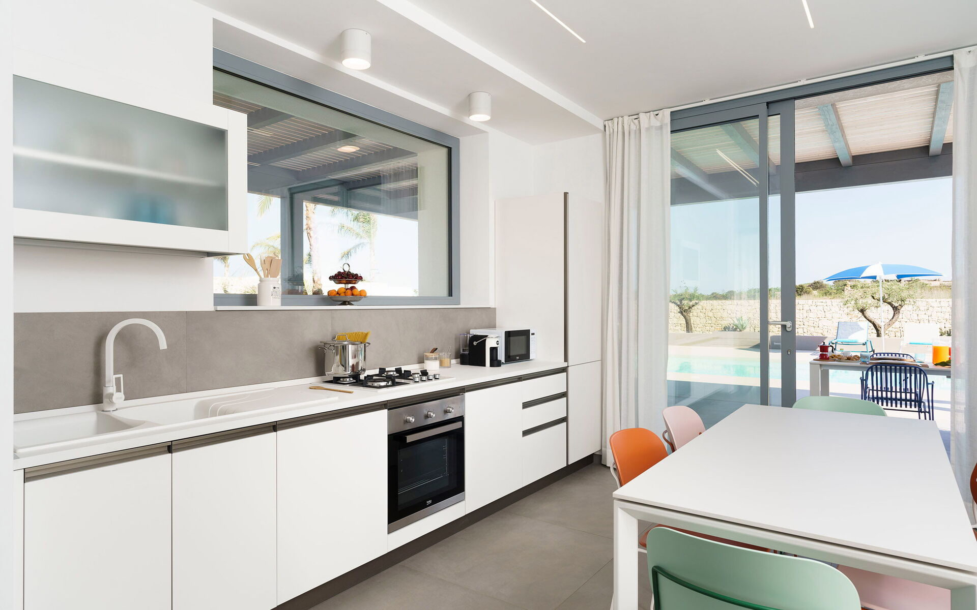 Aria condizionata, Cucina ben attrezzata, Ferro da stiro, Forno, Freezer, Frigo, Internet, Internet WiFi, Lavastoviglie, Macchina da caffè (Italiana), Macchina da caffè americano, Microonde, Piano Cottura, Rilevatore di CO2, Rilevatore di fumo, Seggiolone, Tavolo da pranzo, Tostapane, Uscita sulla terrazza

==

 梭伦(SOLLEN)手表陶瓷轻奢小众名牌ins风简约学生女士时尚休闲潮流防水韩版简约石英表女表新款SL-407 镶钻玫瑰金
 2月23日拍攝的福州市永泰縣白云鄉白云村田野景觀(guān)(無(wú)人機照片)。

## Task requirements:
From the entries above, print the lines beginning at the one with "梭伦(SOLLEN)手表陶瓷" and stopping after the one with "2月23日拍攝的福州市永泰縣", exactly as written and with nothing else.

## Exercise answer:
 梭伦(SOLLEN)手表陶瓷轻奢小众名牌ins风简约学生女士时尚休闲潮流防水韩版简约石英表女表新款SL-407 镶钻玫瑰金
 2月23日拍攝的福州市永泰縣白云鄉白云村田野景觀(guān)(無(wú)人機照片)。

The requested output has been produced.